Gak hanya itu driver mobil pun gak kalah sok berkuasanya, parkir seenaknya di trotoar,sehingga pejalan kaki yg mau jalan harus menggunakan jalan raya buat jalan, nah sialnya kadang kendaraan di jalan kenceng pula, udah banyak kejadian pejalan kaki kesrempet ama motor ato mobil. Kalau gitu mau jalan dimana?


Langkah Maju                                                                                       
Seperti halnya jalan kaki, fungsi utama dari langkah adalah membawa tubuh kita agar mampu berpindah jarak dari satu tempat ke tempat lain. Untuk berpindah tersebut, manusia pada umumnya  menggunakan jalan untuk melangkah ke depan. Jika depan dimaknai sebagai sebuah langkah dan upaya maju, sudah selayaknya desain trotoar tidak dimaknai dengan langkah mundur. Dengan analogi demikian kiranya desain menjadi sebuah objek yang aplikatif dan benar-benar bermanfaat dan sesuai bukan lagi malconstruction design.
Saat individu memandang trotoar adalah tempat strategis untuk berjualan dan bisnis lainnya, kesalahan ini bukan hanya faktor kesalahan pemahaman individu, melainkan masyarakat pengguna lain, pemangku kekuasaan dan lingkungan juga mempengaruhi terjadinya kesalahan tersebut. Pedagang yang berkumpul di trotoar misalnya, tempat para pedagang ini ramai dikunjungi oleh pengunjung karena dekat dengan keramaian rutinitas masyarakatnya. Ketika mereka menggelar jualan mereka, masyarakat pengguna lain malah cenderung memanfaatkanya sebagai tempat berbelanja dengan alasan lebih murah dari mall atau tempat belanja lain. Selain itu pengatur kebijakan kurang memberikan peraturan yang tegas tentang penggunaan trotoar, sehingga para pengguna bebas melakukan tindakan merubah fungsi trotoar menjadi tempat sesuai kepentingan pribadi.

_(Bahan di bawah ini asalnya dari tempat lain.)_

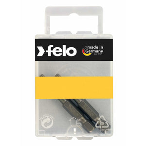 The 50 mm Industrial series bit set is designed for assembly, disassembly and repair work with Torx 20 type fasteners. Felo bits are made of high-quality tool steel (CrMoV), hardened in oil, so they have increased hardness (> 62 HRC) and are resistant to high loads. The forged part of the bits does not wear down, so when tightening the fastener, the nozzle does not turn in the head. Felo Industrial bits are suitable for daily professional use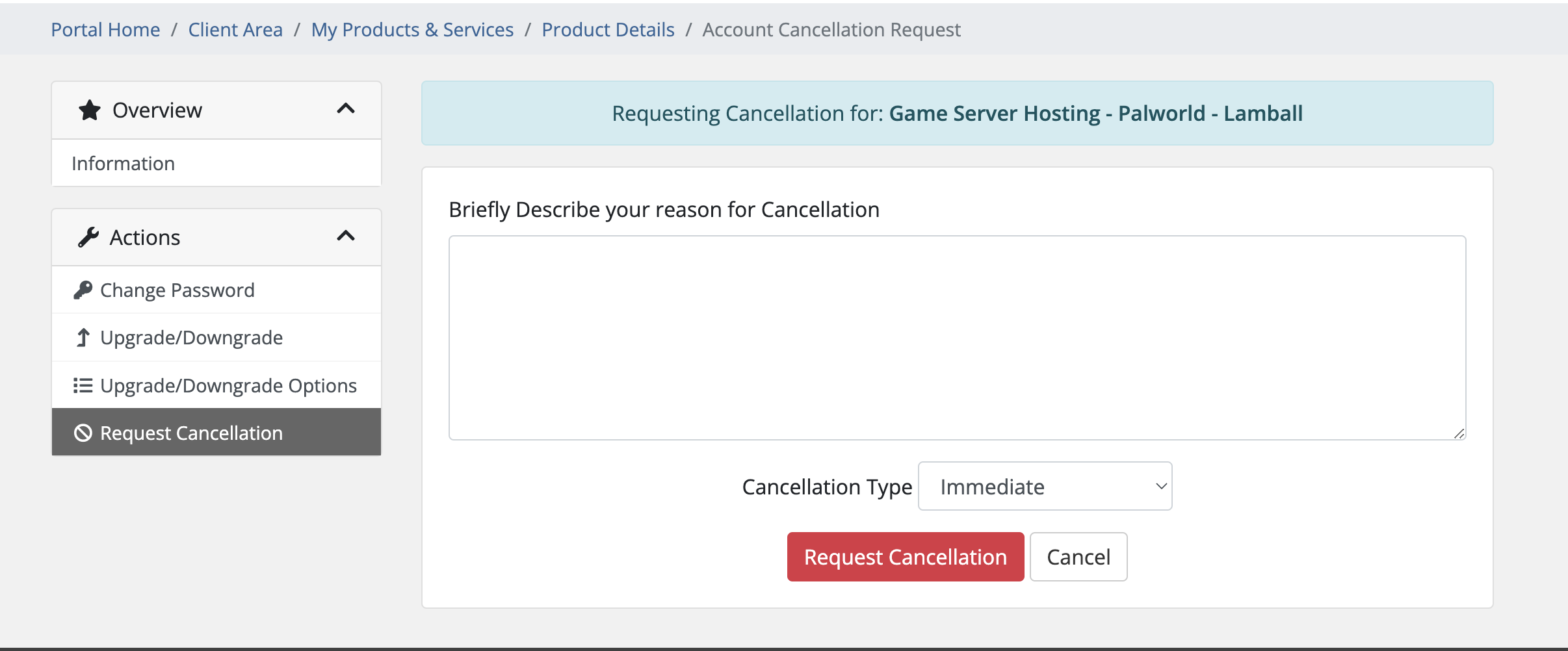 Find your active plan and choose the Request Cancellation button. Then, write a brief reason to why you’re cancelling your plan; this helps us immensely in improving our services! Finally, select between Immediate or End of Billing Period cancellation and press Request Cancellation.

Hambatan yang terjadi terhadap pemahaman fungsi dan makna desain trotoar ini bisa terjadi dikarenakan kurangnya pendekatan aspek-aspek sosial yang bersentuhan langsung dengan masyarakat pengguna sekitar. Misalnya pembuatan trotoar yang berlokasi di sekitaran pabrik harus juga dipikirkan bagaimana sebuah desain trotoar akan berguna efektif dengan struktur sosial masyarakatnya. Kegunaan ini harus menjawab arus mobilisasi pejalan kaki yang berjumlah ratusan tanpa menyisakan ruang untuk bisa digunakan sebagai tempat beraktifitas selain nilai gunanya. Sehingga desain trotoar harus menyesuaikan lingkungan sosial dimana trotoar itu diwujudkan sehingga memiliki fungsi dan makna sesuai struktur sosialnya.
Menjawab kebutuhan desain semacam ini merupakan sebuah tantangan bagi semua pihak untuk sama-sama memahami secara utuh, bukan kepentingan individu. Sehingga sudah selayaknya penciptaan trotoar mampu mengakomodir fungsi utamanya dengan menciptakan sebuah desain yang mampu mengatasi permasalahan sosial tersebut. Kewajiban penggunaan sesuai dengan fungsinya tentu tidak hanya tanggung jawab satu pihak, akan tetapi terdapat sinergi antar lingkup sosialnya.